# Brick and morter vs. online sales.



## tubbster (Oct 24, 2008)

O.K., so I found a gas stove I like. I see it in abundance on line for a hair under $1800, and fully optioned, $2200. Free delivery to inside my garage.

The suggested list price is 2,029 bucks. Fully decked out, a little over $2500. I figure the people selling it online are still clearing at least 30 points, maybe a few more. I go to the local store, and they are only interested in list price. Store, btw, is completely empty, and had been for the 1/2 hour I was there. They were only interested in selling for list price, even if I paid cash. So, by my ,math, I think they lost out on clearing 5 -6 hundred dollars.

Why? I was a bit stunned, I wanted to give them the business, just 15% off is all I was asking. 

Oh well, I wasn't rude or anything, said "Business must be great, take care". Went home and ordered from Big George. Maybe it was just me, but they could have had cash in hand, and a decent profit. They can run their show anyway they like, but ????

Is my thinking wrong here?


----------



## downeast (Oct 24, 2008)

*NO*...


----------



## crazy_dan (Oct 25, 2008)

no way are you wrong. 
Why stick it to yourself because the folks at the store didn't want to deal.


----------



## billb3 (Oct 25, 2008)

There's supporting your local economy.


If there was nothing in it for you, there was nothing in it for you.


----------



## tubbster (Oct 25, 2008)

That's just it. I *wanted* to support the local economy.

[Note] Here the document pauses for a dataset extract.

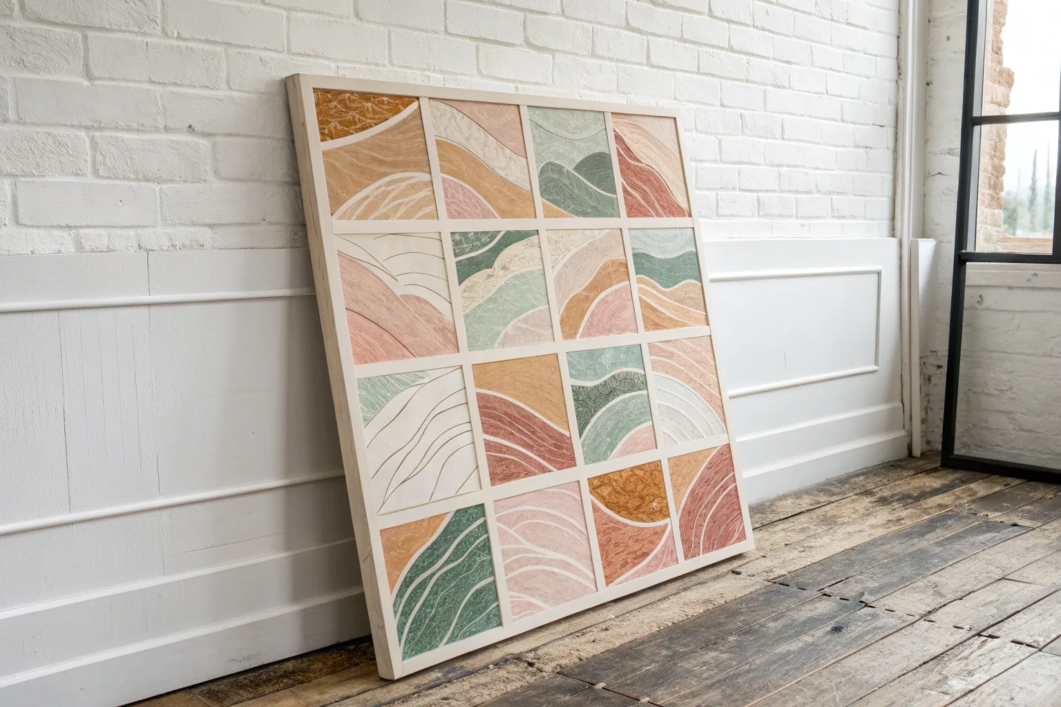 Collaborative tile grid mural in soft boho neutrals, each square uniquely hand-painted.

I just don't want to be stupid about it.

There is a bit more from the 8% tax savings if you are the type not inclined to pay that. I did not even factor that into the decision to buy out of state though.


----------



## savageactor7 (Oct 25, 2008)

I believe in dealer support too but 600 dollars is a lot of money.


----------



## DavidV (Oct 25, 2008)

Since I am so darn good at math, I used a calculator.  if you were asking for a price match you were asking for a bit less than 15 percent.

Having a brick and mortar store costs money, so they can't sell it for the same price as your online place and make money.  But that being said I have nothing against trying to get a better deal.  maybe being met halfway between the two.  And I have done similar things when dealing many many purchases.     I bought my liner on line because it would have cost me at least a thousand more.  And I thought the local stove guy ( who really ain't local since it's a 40 mile drive ) was an absolute ass when I was at his store.   There are some things I buy from local stores and pay more, because I want the service.  A good example is the small engine repair guy.  My next chainsaw is coming out of his shop.  it will probly cost me 50-100 bucks more than I could get it online or at a big box....but he has already taken care of me on mulitiple occasions and repaired things I figured were junk.  in fact, I need to finish my coffee and get my splitter to him .     
Another local who I insist on going to is my mechanic.  he has a tire and auto place.  I called him about tires for my truck. told him what it had on it and asked how much to replace the tires.  He told me to go to the guy up the street who is a Goodyear store......WHAT?:?:?   The guy up the street can get me the tires for 30% less and since I liked the ride I should stick with it.....and when I asked what he carried that he would recommend  instead he again told me to go to the gy up the street.  His reasoning was that I liked the tire I was using and if I changed I might be in it for 750 bucks and not be happy.  So I asked what if I ordered online.  He said 20 bucks a tire to put them on.  He keeps my business.  And my Saab ust blew a tire and needs 4 new ones.  I'm just gonna take it to him and go with a recommendation.  He has earned my business over the years.  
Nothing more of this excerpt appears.